- **Your objective**
In duplicating the lines below, keep every word unchanged and drop the pictures.

--- Records shown Enclosed Below ---

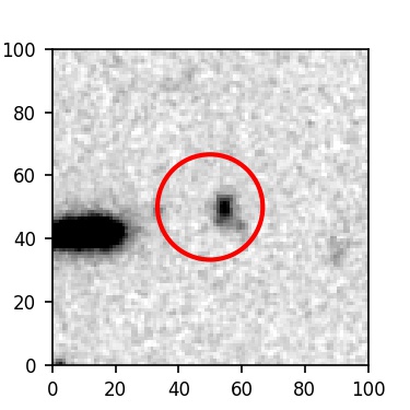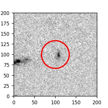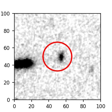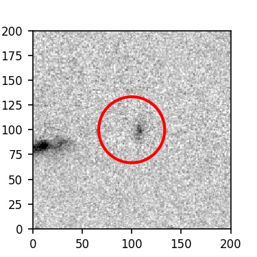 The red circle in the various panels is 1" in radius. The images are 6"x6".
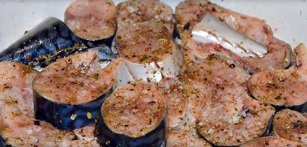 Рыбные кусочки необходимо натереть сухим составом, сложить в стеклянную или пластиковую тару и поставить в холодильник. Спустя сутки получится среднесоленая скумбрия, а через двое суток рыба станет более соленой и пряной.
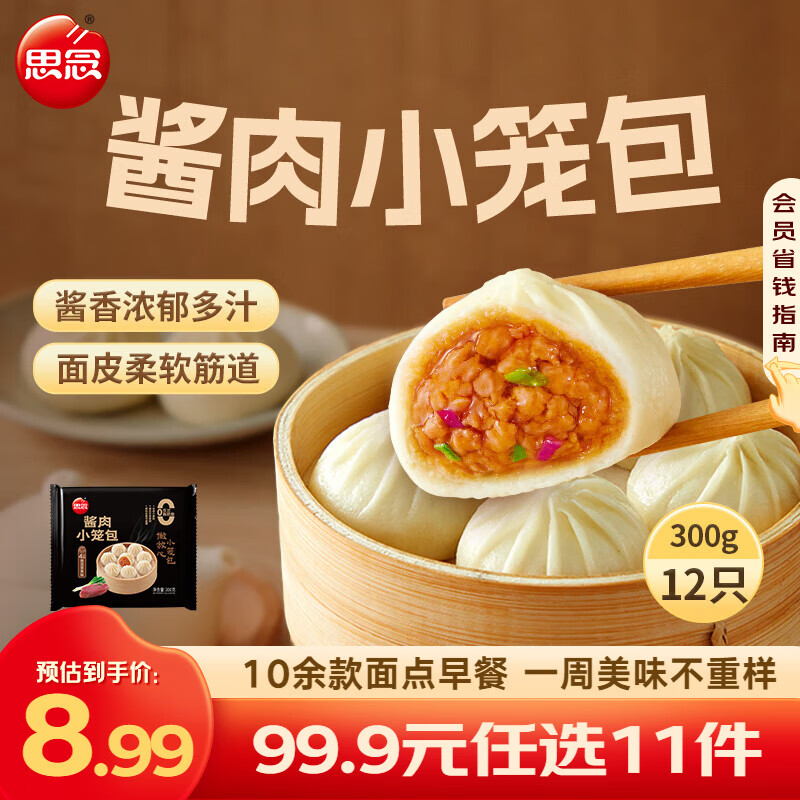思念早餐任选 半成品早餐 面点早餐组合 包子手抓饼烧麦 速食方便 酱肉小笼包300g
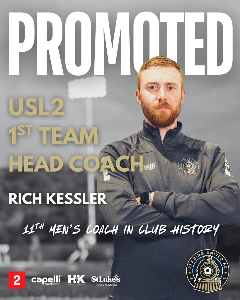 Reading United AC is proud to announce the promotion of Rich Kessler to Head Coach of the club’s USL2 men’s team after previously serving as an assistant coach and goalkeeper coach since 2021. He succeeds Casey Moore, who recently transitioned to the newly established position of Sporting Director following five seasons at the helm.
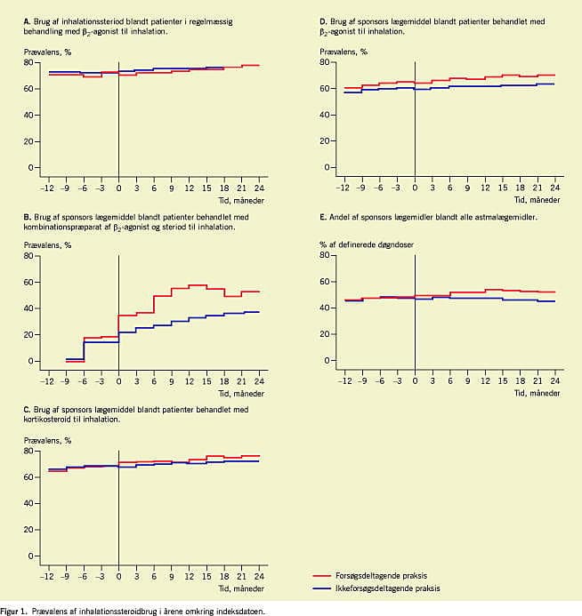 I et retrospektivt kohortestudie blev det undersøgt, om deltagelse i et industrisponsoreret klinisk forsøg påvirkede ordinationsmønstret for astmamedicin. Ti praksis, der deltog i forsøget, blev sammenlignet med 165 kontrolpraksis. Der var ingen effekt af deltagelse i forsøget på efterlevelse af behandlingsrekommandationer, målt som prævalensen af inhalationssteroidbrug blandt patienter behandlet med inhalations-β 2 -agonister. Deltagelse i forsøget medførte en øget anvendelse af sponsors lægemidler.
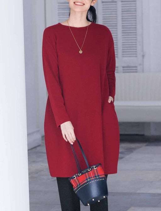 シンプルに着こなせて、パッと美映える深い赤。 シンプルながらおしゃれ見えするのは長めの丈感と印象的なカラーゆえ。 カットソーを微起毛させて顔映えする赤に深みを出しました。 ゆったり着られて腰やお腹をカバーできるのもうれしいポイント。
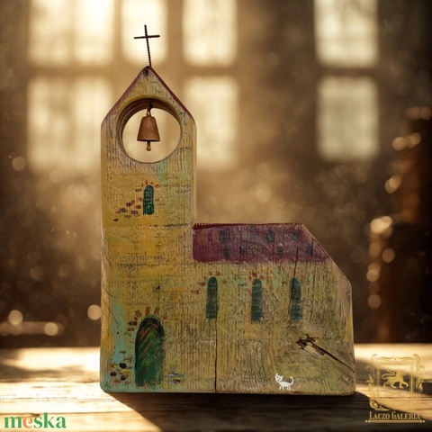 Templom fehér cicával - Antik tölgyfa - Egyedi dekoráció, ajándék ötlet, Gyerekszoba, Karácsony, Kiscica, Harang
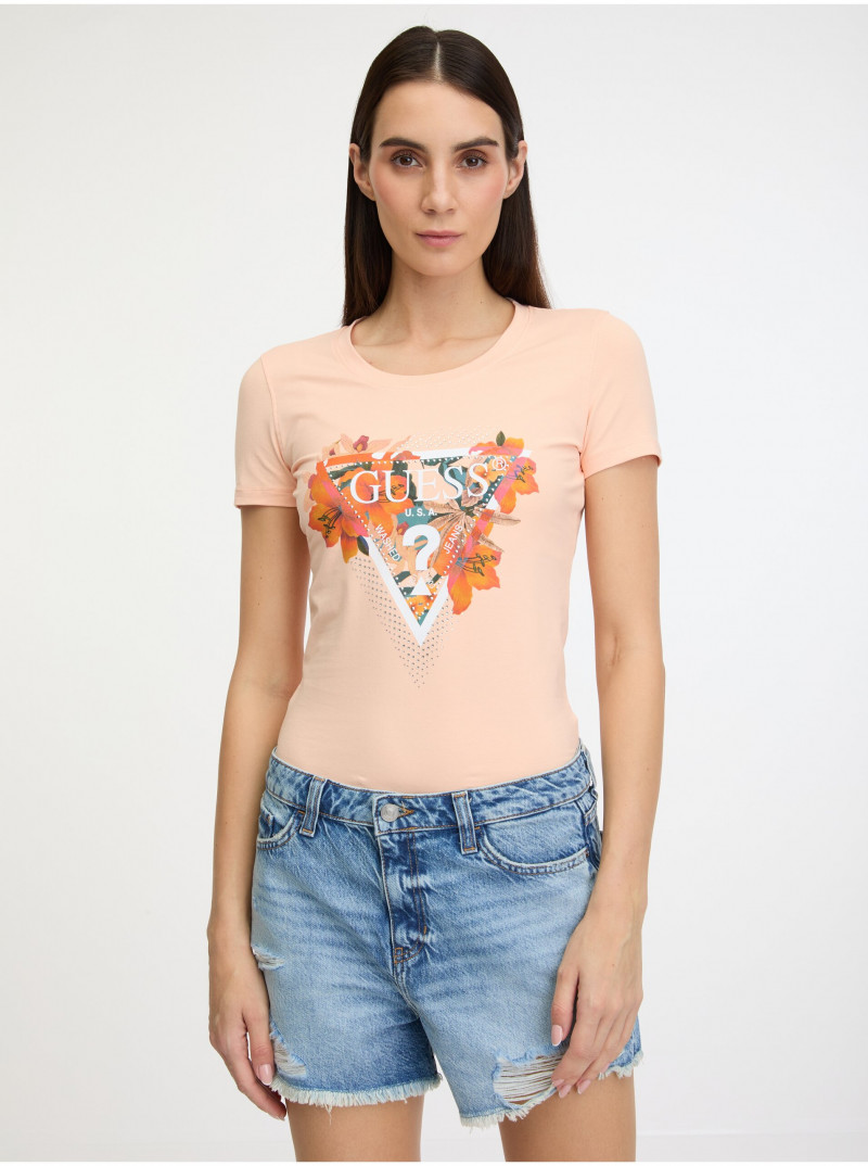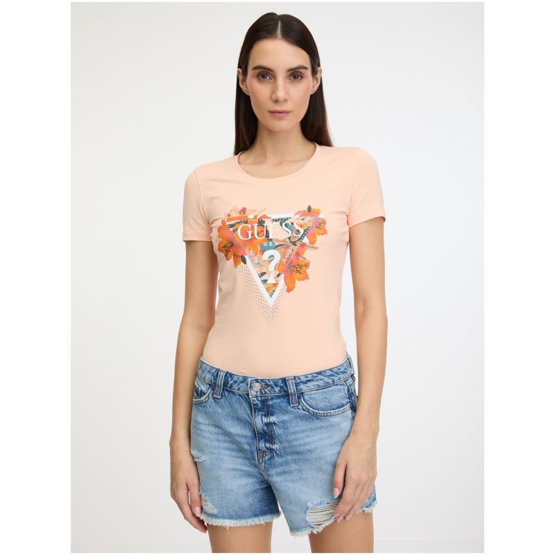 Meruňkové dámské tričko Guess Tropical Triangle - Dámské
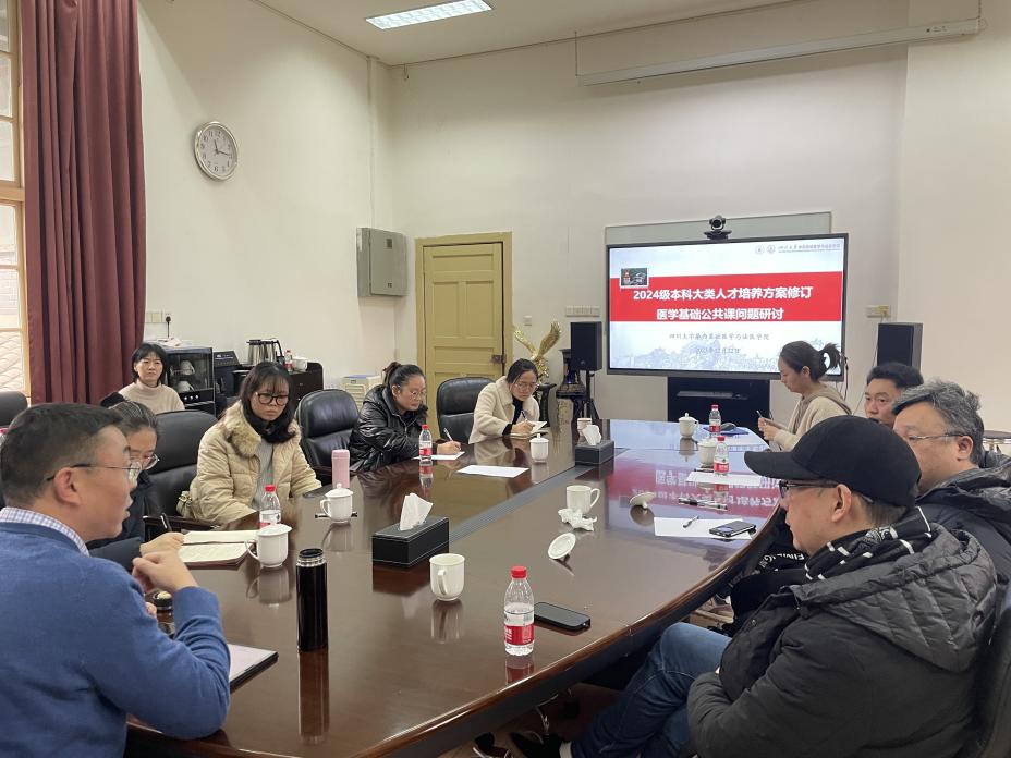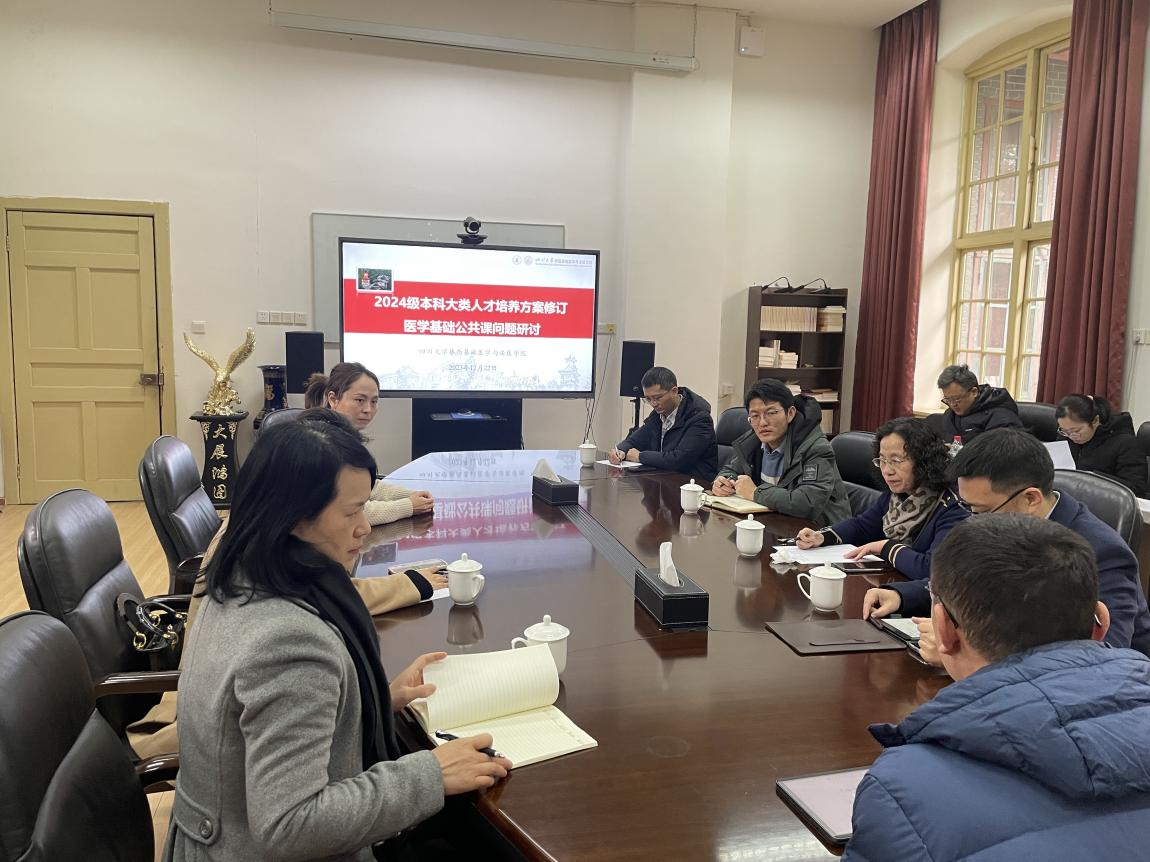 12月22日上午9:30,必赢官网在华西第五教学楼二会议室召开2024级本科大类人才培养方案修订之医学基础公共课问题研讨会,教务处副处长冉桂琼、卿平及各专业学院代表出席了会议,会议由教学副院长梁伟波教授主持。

--- End of Enclosed Records shown ---

- **Solution below**
 The red circle in the various panels is 1" in radius. The images are 6"x6".
 Рыбные кусочки необходимо натереть сухим составом, сложить в стеклянную или пластиковую тару и поставить в холодильник. Спустя сутки получится среднесоленая скумбрия, а через двое суток рыба станет более соленой и пряной.
思念早餐任选 半成品早餐 面点早餐组合 包子手抓饼烧麦 速食方便 酱肉小笼包300g
 Reading United AC is proud to announce the promotion of Rich Kessler to Head Coach of the club’s USL2 men’s team after previously serving as an assistant coach and goalkeeper coach since 2021. He succeeds Casey Moore, who recently transitioned to the newly established position of Sporting Director following five seasons at the helm.
 I et retrospektivt kohortestudie blev det undersøgt, om deltagelse i et industrisponsoreret klinisk forsøg påvirkede ordinationsmønstret for astmamedicin. Ti praksis, der deltog i forsøget, blev sammenlignet med 165 kontrolpraksis. Der var ingen effekt af deltagelse i forsøget på efterlevelse af behandlingsrekommandationer, målt som prævalensen af inhalationssteroidbrug blandt patienter behandlet med inhalations-β 2 -agonister. Deltagelse i forsøget medførte en øget anvendelse af sponsors lægemidler.
 シンプルに着こなせて、パッと美映える深い赤。 シンプルながらおしゃれ見えするのは長めの丈感と印象的なカラーゆえ。 カットソーを微起毛させて顔映えする赤に深みを出しました。 ゆったり着られて腰やお腹をカバーできるのもうれしいポイント。
 Templom fehér cicával - Antik tölgyfa - Egyedi dekoráció, ajándék ötlet, Gyerekszoba, Karácsony, Kiscica, Harang
 Meruňkové dámské tričko Guess Tropical Triangle - Dámské
 12月22日上午9:30,必赢官网在华西第五教学楼二会议室召开2024级本科大类人才培养方案修订之医学基础公共课问题研讨会,教务处副处长冉桂琼、卿平及各专业学院代表出席了会议,会议由教学副院长梁伟波教授主持。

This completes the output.